■ **The data**

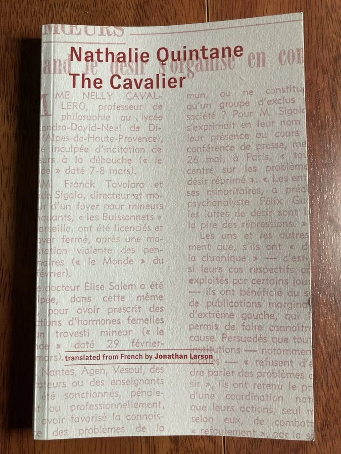 The Cavalier, Nathalie Quintane, translated by Jonathan Larson (Winter Editions, 2025) Indescribable prose, in an indeterminate genre.
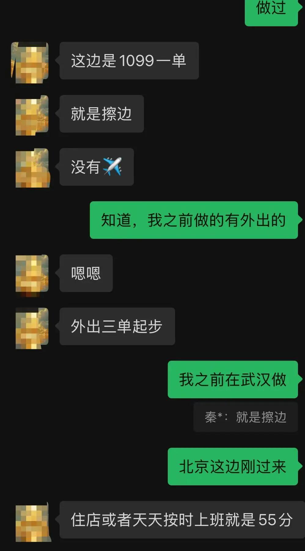 通過小紅書推薦的帖子聯繫上的另一位來自北京的私影店主則更具“職業感”。在價格上,他開出1099元一單,並主動説明:“北京查得嚴,我們只擦邊,沒有打飛機。”語氣收斂,規則清晰,交易方式與武漢店主如出一轍,分賬仍是五五分。她強調,來應聘的女孩只要“做過這一行的都懂”,暗示行業在平台內已有默認“潛規則”。
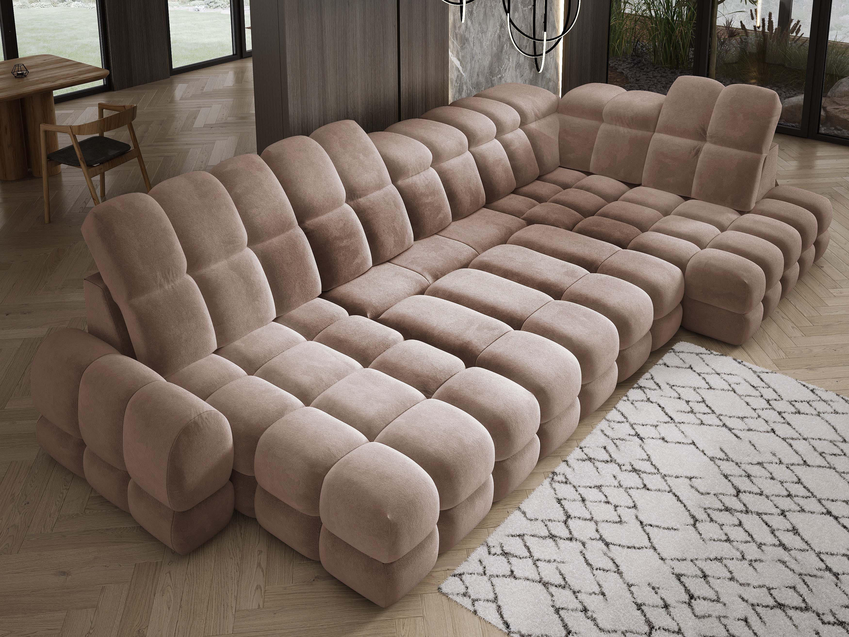 Hoekbank RAVEN XL met slaapfunctie, uittrekbed, verstelbare hoofdsteunen, opbergruimte, 334x198x162cm Rechts Beige

■ **Work instructions**
Repeat the material above verbatim, with no pictures in the output.

■ **Written response**
 The Cavalier, Nathalie Quintane, translated by Jonathan Larson (Winter Editions, 2025) Indescribable prose, in an indeterminate genre.
 通過小紅書推薦的帖子聯繫上的另一位來自北京的私影店主則更具“職業感”。在價格上,他開出1099元一單,並主動説明:“北京查得嚴,我們只擦邊,沒有打飛機。”語氣收斂,規則清晰,交易方式與武漢店主如出一轍,分賬仍是五五分。她強調,來應聘的女孩只要“做過這一行的都懂”,暗示行業在平台內已有默認“潛規則”。
 Hoekbank RAVEN XL met slaapfunctie, uittrekbed, verstelbare hoofdsteunen, opbergruimte, 334x198x162cm Rechts Beige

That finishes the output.